Что такое нигилизм? Нигилизм есть последовательный материализм и больше ничего. Материализм несколько раз уже получал большое распространение в европейском обществе: в XVII веке господствовал он в Англии, в XVIII - во Франции, откуда распространился между высшими классами прочих государств и даже России. Реакцией против этого материализма был германский идеализм, который теперь, в свою очередь, под совокупным влиянием протестантизма (отвергающего всякое положительное религиозное содержание христианства), гегелизма (доведенного до своего крайнего последовательного развития) и, наконец, успехов положительных наук дошел до полнейшего материализма и атеизма. Между тем для жившей задним умом официальной России все еще Франция по старой памяти казалась олицетворением всех антисоциальных, антирелигиозных, противонравственных учений; а скромная, глубокомысленная Германия олицетворяла собою противодействующий этим зловредным направлениям спасительный идеализм. И вот нашей системе общественного воспитания был придан исключительно немецкий характер. Не так еще давно молодым людям, отправлявшимся за границу, строго возбранялся въезд во Францию как в страну нравственно зачумленную, тогда как зараза давно уже оставила французскую почву и перешла в Германию.

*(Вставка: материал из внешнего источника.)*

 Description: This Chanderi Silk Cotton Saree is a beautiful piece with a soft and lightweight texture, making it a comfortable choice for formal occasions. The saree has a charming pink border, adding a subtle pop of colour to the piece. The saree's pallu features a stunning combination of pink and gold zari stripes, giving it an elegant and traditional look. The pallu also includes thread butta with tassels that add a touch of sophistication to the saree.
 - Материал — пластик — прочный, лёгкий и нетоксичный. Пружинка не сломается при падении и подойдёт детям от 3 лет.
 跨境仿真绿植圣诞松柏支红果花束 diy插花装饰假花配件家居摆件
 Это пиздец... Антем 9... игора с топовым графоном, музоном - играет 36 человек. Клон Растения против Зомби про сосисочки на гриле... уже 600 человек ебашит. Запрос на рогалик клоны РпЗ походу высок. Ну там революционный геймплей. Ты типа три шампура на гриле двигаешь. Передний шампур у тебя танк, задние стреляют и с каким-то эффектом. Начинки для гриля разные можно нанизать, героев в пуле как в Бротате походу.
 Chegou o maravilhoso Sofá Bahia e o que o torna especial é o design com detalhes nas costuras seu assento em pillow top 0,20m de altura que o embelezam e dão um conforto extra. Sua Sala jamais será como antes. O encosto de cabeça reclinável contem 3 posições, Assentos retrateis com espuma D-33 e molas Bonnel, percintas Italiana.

Без самобытного развития, привыкши верить на слово нашим иностранным учителям и в последнее время будучи обучаемы исключительно немецкою наукою, мы заразились самоновейшим и самомоднейшим ее направлением, которое не встречало ни внутреннего, ни внешнего противодействия. К какой нации принадлежат Фохт, Молешотт, Фейербах, Бруно Бауер, Бюхнер, Макс Штирнер - эти корифеи новейшего материализма? Разве они русские или воспитанники русских гимназий, сделавшиеся нигилистами от недостаточно глубокого изучения латинских и греческих классиков? Разве русского происхождения и те учения, которые хотя и не могут быть названы чисто материалистическими, но которые, однако же, служат необходимыми подпорами материализма, как то: Дарвиново учение о происхождении видов, Гукслеевы выводы о близости человека к обезьянам, Боклево отвержение человеческой свободы на основании добытых статистикою результатов? Что привнесли русские в эту сокровищницу материалистических учений? Ничего. Самое имя нигилизма, хотя получило, по-видимому, на Руси свое происхождение, очевидно, основано на книге Макса Штирнера "Jch stelle mein Sach auf nichts" ["Я не ставлю мое дело ни во что" (нем.)], с филистерским цинизмом посвященной meinem lieben Julchen ["Моей любимой Юльхен" (нем.)].

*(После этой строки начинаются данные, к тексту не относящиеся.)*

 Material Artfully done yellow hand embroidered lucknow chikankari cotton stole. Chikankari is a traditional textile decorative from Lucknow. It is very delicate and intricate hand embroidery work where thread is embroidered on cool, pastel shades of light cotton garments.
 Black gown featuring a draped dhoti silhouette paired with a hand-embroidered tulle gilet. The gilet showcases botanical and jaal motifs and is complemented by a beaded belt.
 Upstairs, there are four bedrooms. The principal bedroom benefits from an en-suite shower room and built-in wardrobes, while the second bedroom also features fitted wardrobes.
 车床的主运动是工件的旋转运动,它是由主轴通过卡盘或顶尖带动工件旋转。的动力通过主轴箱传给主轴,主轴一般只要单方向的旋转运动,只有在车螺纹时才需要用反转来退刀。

Мы и тут повторяли, как попугаи, чужие слова и мысли, как наши деды повторяли учения энциклопедистов, а отчасти учения мистиков, как наши отцы - учения германского трансцендентального идеализма. Если эти учения, получавшие некоторое распространение в русском обществе в былые времена, не могут считаться явлениями русской жизни, то почему же приписывается это нигилизму, имеющему столь же очевидное иноземное происхождение? Или, может быть, со свойственной подражателям склонностью преувеличения мы утрировали заимствованное нами учение? К счастью или к несчастью, наши учителя не оставили нам даже и этой возможности отличиться. Когда утверждают, что человек есть прямой потомок гориллы или орангутанга, что мысль есть такое же отделение мозга, как урина - отделение почек, что считать что-либо священным - столь же нелепый обычай, как табу островитян Полинезии, то остается ли еще какая-нибудь возможность к утрировке?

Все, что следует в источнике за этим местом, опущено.